At least two people were killed in Tajikistan’s troubled eastern mountain town of Khorog on May 21, local news agencies reported, citing unofficial sources. Murky cases of violence are nothing new in the area: Khorog was the epicenter of a military operation in 2012 that killed dozens, including at least 22 locals, but was never clearly explained by authorities.
In one version of today’s events recounted by the Asia-Plus news agency, a shootout started when police attempted to arrest a brother of local warlord Mamadbokir Mamadbokirov, leaving two supporters dead and a police officer in serious condition. In response to that, and possibly some subsequent arrests, angry residents reportedly burned down the police station. Estimates of the crowd varied from several dozen to 700.
Fergana News cited the head of the regional branch of the opposition Social Democratic Party, Alim Sherzamonov, as saying that riot police opened fire “without warning” when they encountered some sort of unofficial local powerbroker. "Spot checks of tinted[-windowed] cars were underway in the city; a car was stopped. The policemen began arguing with the driver, but then the OMON [riot police] came and opened fire without warning,” Sherzamonov said. “One person was killed on the spot and two injured. They opened fire because the guys in the car had informal power in the city. Weapons were used by one side only – the OMON."
The line between officials and warlords is often blurry in Tajikistan. Remote Khorog, the largest town in Mountainous Badakhshan Autonomous Oblast (GBAO), sits on the Afghan border and is a pit stop on smuggling routes for drugs, gems, cigarettes, and possibly people. During the 2012 military operations, authorities tried, and mostly failed, to unseat several local powerbrokers, including Mamadbokirov.

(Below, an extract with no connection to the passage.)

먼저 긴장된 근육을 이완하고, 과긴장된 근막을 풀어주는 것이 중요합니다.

Complicating the central government’s efforts, GBAO is home to minority Pamiri ethnic groups who often do not feel represented by President Emomali Rakhmon, who has, in his 22 years in power, empowered people from his native Khatlon region at the expense of all others. The 2012 violence hardened mistrust. An assessment conducted last year by Civic Solidarity, a human-rights group with support from the Warsaw-based Helsinki Foundation for Human Rights, found indiscriminate violence and disproportionate use of force by government troops during their months-long 2012 campaign in Khorog. Twenty-two locals died; at least 18 soldiers were killed. The report blasted the government for failing to warn civilians about its military campaign in the densely populated town and for not even releasing official numbers of dead. The group also said there had been no impartial investigation or attempt to “identify and hold accountable the officials responsible.”
Since 2012, the region has witnessed sporadic violence. In March, in GBAO’s Rushan District, half a dozen civilians were reportedly injured when police opened fire on them after detaining their relatives for an alleged traffic violation. And last fall, when police and members of the State Committee on National Security tried to arrest an official from the Drug Control Agency, supporters of the drug official reportedly beat up several law enforcement officials and burned their cars.

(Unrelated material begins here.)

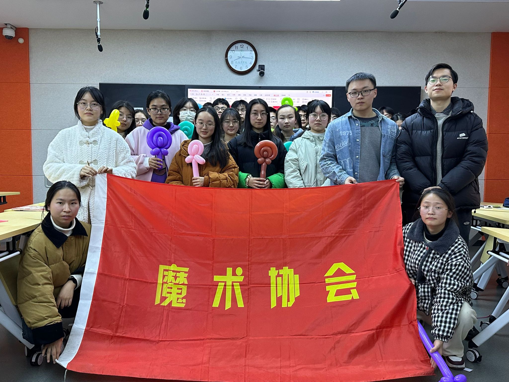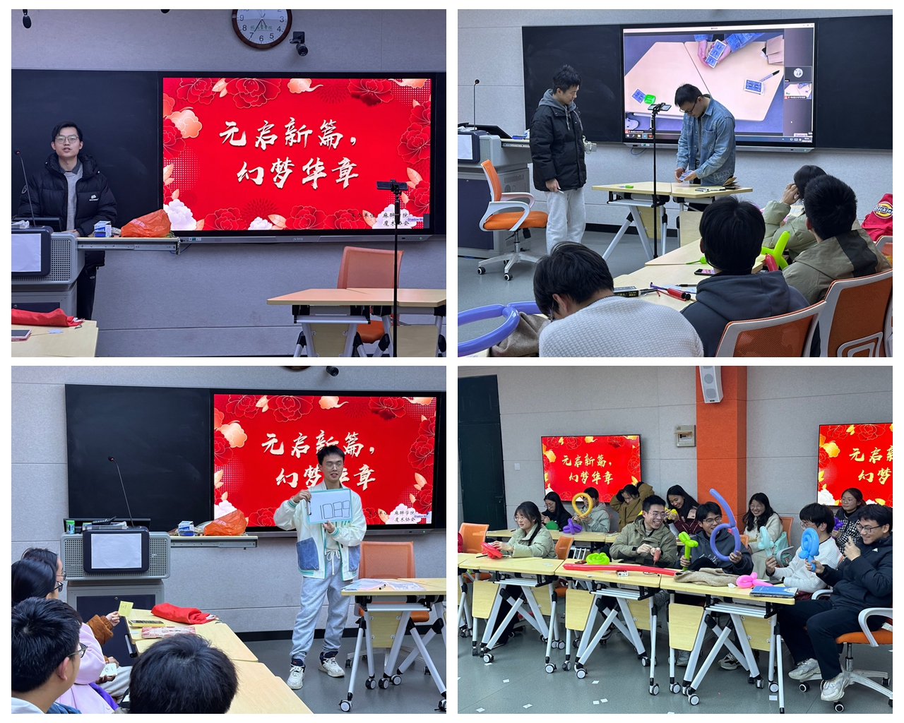 活动中,魔术协会成员们纷纷登台献艺。“薛定谔的信封”神秘莫测,激发着同学们的好奇心,大家都在猜测信封中隐藏的秘密;“皮筋穿越”更是奇妙无比,普通皮筋在魔术师手中如同有了魔力,做出违反常理的动作,引得同学们阵阵惊叹;而“心灵猜牌” 节目将气氛推向高潮,魔术师好似拥有读心能力,准确猜出同学们心中所想的数字和物品,随后还将这些元素巧妙组合成“幸福”二字,全场瞬间欢呼雀跃,掌声雷动。最后,气球社的成员们登场,带领同学们用气球编织花朵。在轻松愉快的氛围中,大家手中的气球逐渐变成了一朵朵栩栩如生的花朵,欢声笑语回荡在教室的每个角落。这场活动让同学们沉浸在节日的欢乐里,备考的紧张情绪得到有效缓解,考试信心也得以增强。同学们纷纷表示,这是一次难忘的体验,让他们在繁忙的学习生活中感受到了温暖和放松。

Late on May 21, British Ambassador Robin Ord-Smith tweeted that he understood the road to Khorog is closed. The city was sealed for weeks during the 2012 operation.
For a good take on those events, see this article by my colleague Joshua Kucera in The Atlantic.
**UPDATE: May 22 –
An Interior Ministry spokesperson, quoted by the Avesta news agency, says police were trying to detain an alleged drug dealer, Munavvar Shanbiev. When police attempted to stop his car, his people started shooting. Police shot back and killed one of Shanbiev’s people, Sabir Hudoihonov, and wounded two others. In the shootout, four law enforcement officers were wounded; one later died. A crowd of young men gathered, set the police car, police station, prosecutor’s office and a court building on fire. ITAR-TASS reports the death toll has climbed to three.
President Rakhmon has sent his national security advisor, Sherali Khairulloev, to Khorog. Khairulloev served as defense minister during the fighting in 2012 and many Pamiris feel his ministry played an outsized role in escalating that conflict.
David Trilling is Eurasianet’s managing editor.